> MATERIAL PROVIDED
◇ ◇ ◇ ◇

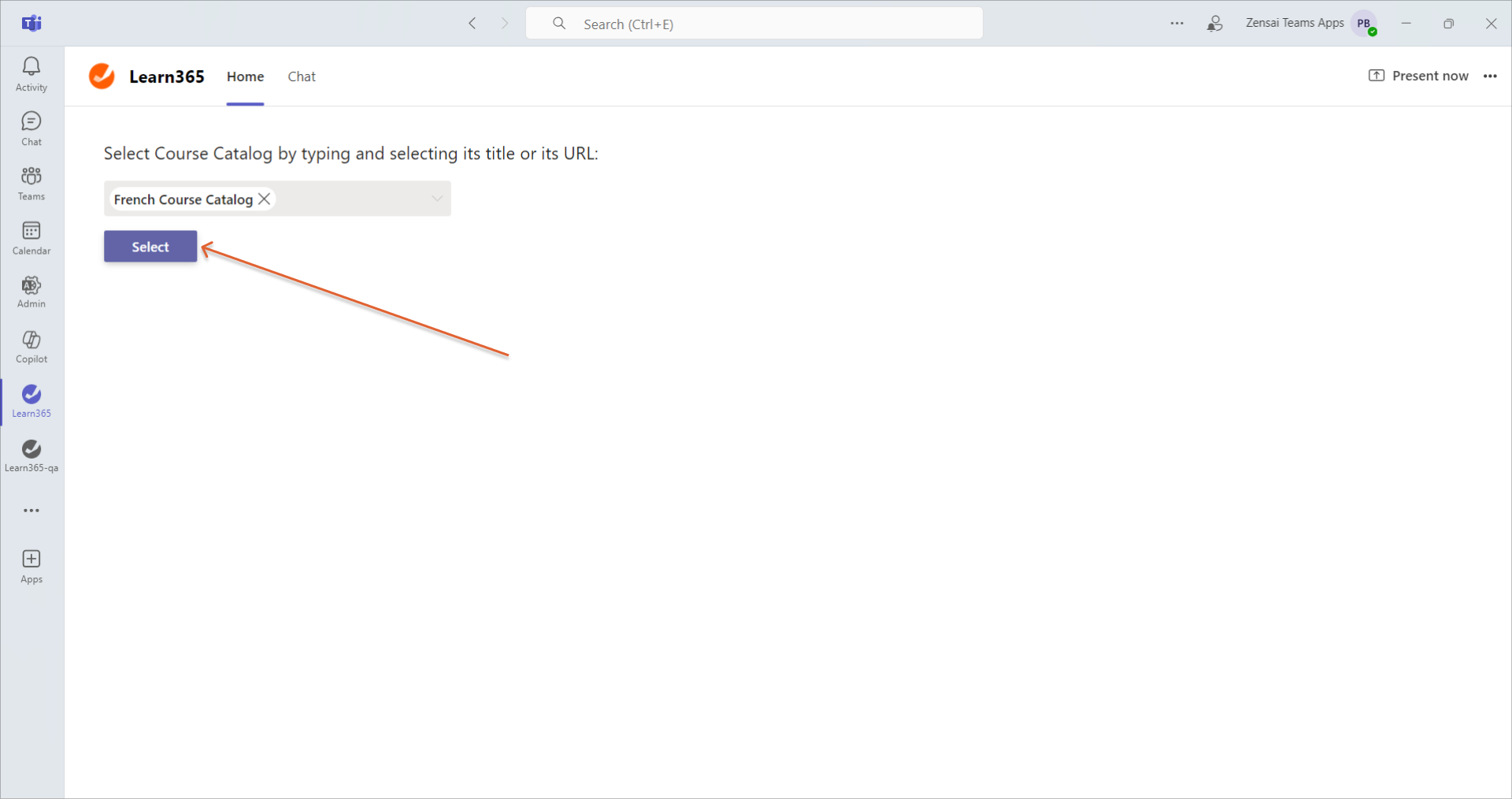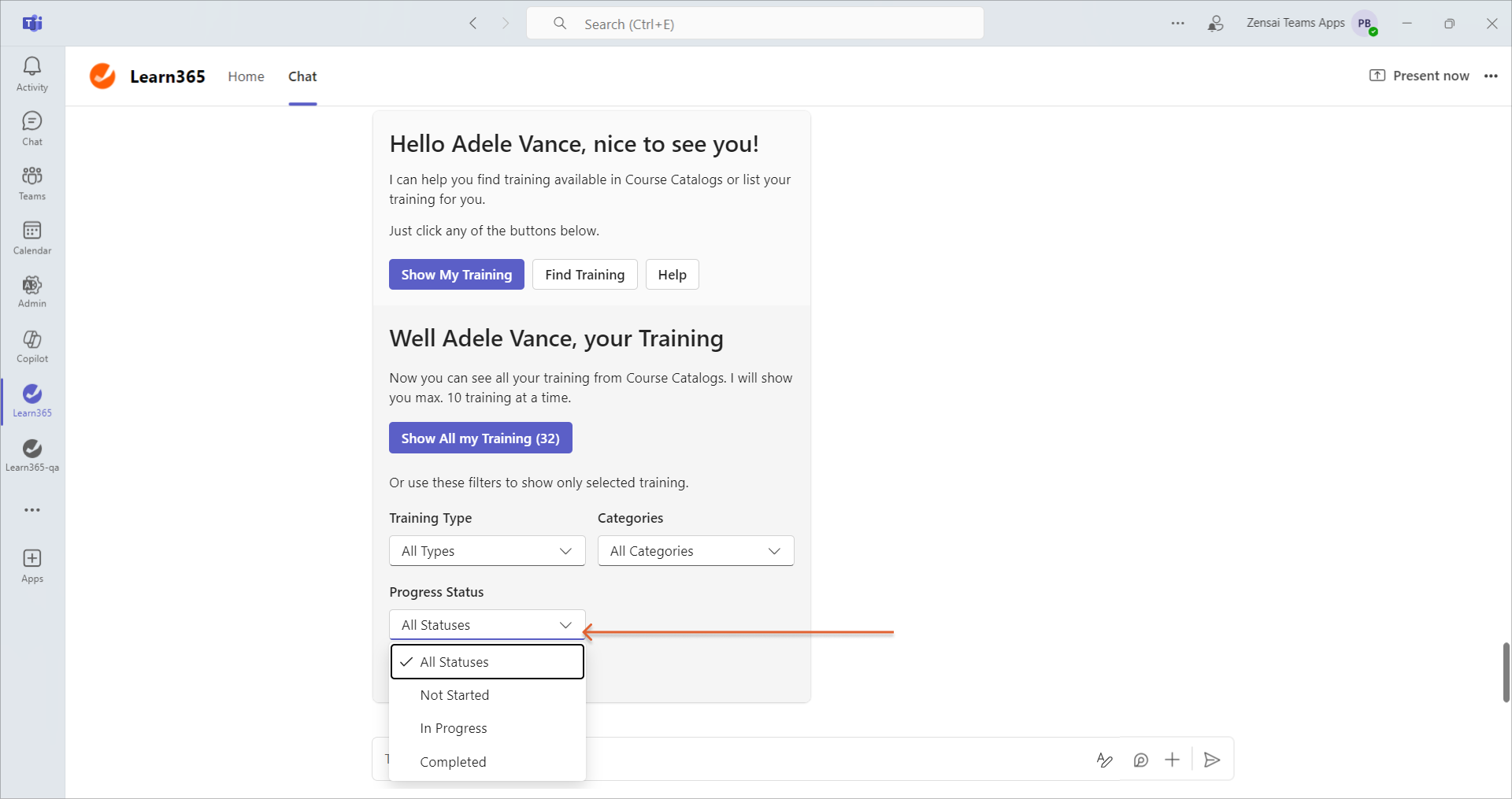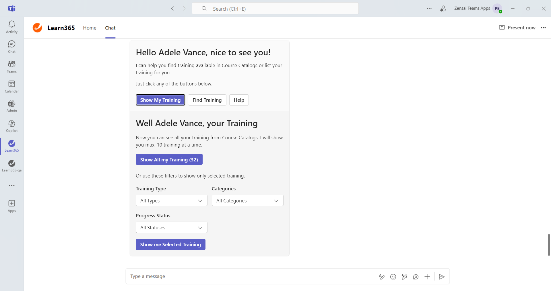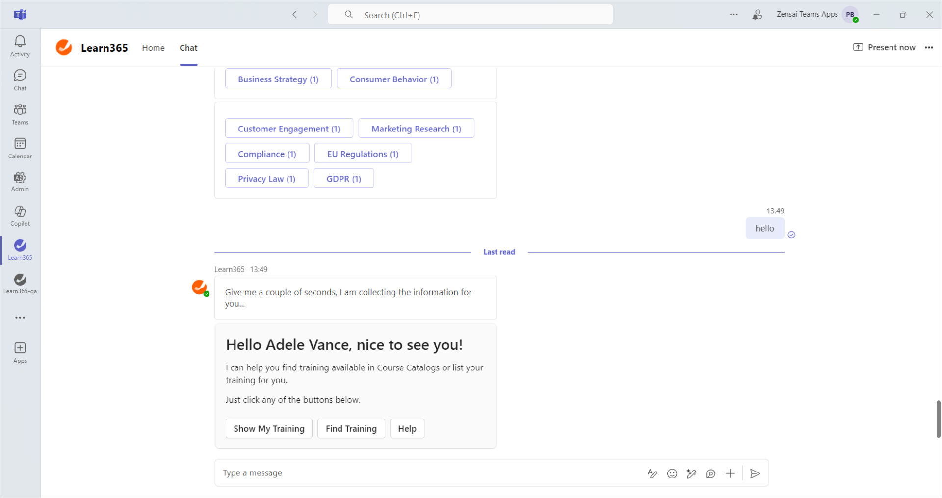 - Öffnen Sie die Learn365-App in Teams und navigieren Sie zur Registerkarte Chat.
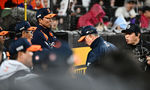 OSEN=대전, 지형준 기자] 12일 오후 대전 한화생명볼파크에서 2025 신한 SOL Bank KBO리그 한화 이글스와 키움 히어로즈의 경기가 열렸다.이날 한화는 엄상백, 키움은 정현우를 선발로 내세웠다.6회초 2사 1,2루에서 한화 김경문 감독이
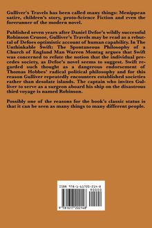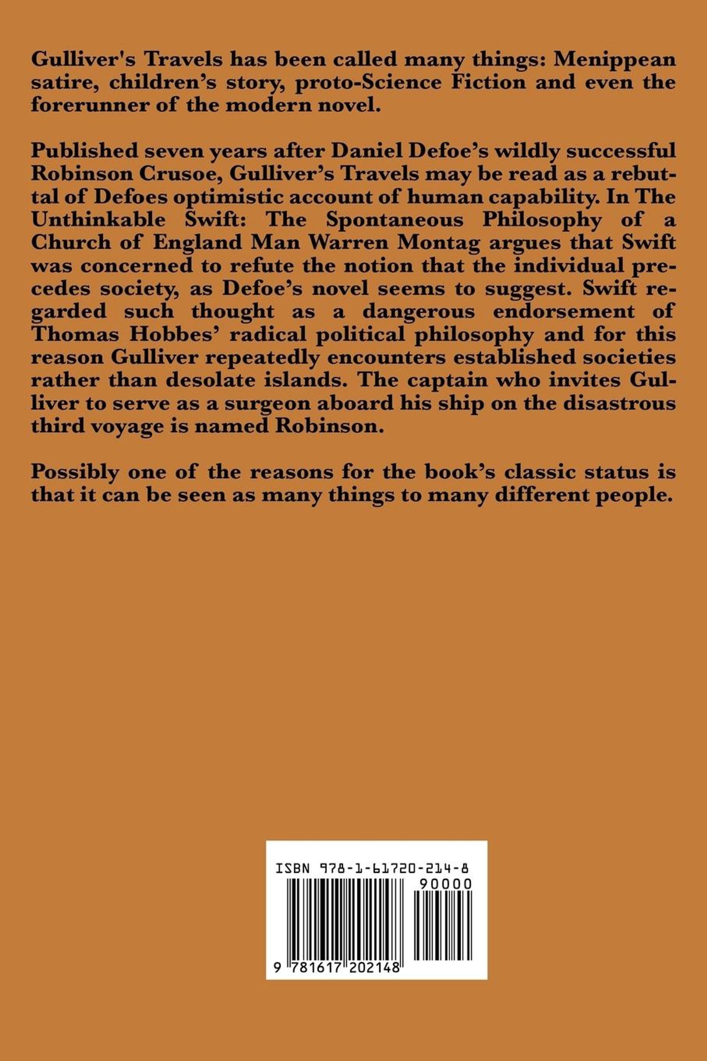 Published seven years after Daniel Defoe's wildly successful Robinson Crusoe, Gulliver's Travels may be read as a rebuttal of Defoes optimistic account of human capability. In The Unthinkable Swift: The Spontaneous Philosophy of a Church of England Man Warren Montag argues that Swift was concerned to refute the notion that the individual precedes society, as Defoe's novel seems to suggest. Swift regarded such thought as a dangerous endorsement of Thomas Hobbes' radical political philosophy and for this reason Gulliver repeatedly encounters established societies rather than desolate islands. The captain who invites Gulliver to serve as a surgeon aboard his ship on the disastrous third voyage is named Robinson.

◇ ◇ ◇ ◇

> INSTRUCTIONS TO FOLLOW
A faithful copy of the data above is wanted, with every image left out.

> SOLUTION TO THE EXERCISE
 - Öffnen Sie die Learn365-App in Teams und navigieren Sie zur Registerkarte Chat.
 OSEN=대전, 지형준 기자] 12일 오후 대전 한화생명볼파크에서 2025 신한 SOL Bank KBO리그 한화 이글스와 키움 히어로즈의 경기가 열렸다.이날 한화는 엄상백, 키움은 정현우를 선발로 내세웠다.6회초 2사 1,2루에서 한화 김경문 감독이
 Published seven years after Daniel Defoe's wildly successful Robinson Crusoe, Gulliver's Travels may be read as a rebuttal of Defoes optimistic account of human capability. In The Unthinkable Swift: The Spontaneous Philosophy of a Church of England Man Warren Montag argues that Swift was concerned to refute the notion that the individual precedes society, as Defoe's novel seems to suggest. Swift regarded such thought as a dangerous endorsement of Thomas Hobbes' radical political philosophy and for this reason Gulliver repeatedly encounters established societies rather than desolate islands. The captain who invites Gulliver to serve as a surgeon aboard his ship on the disastrous third voyage is named Robinson.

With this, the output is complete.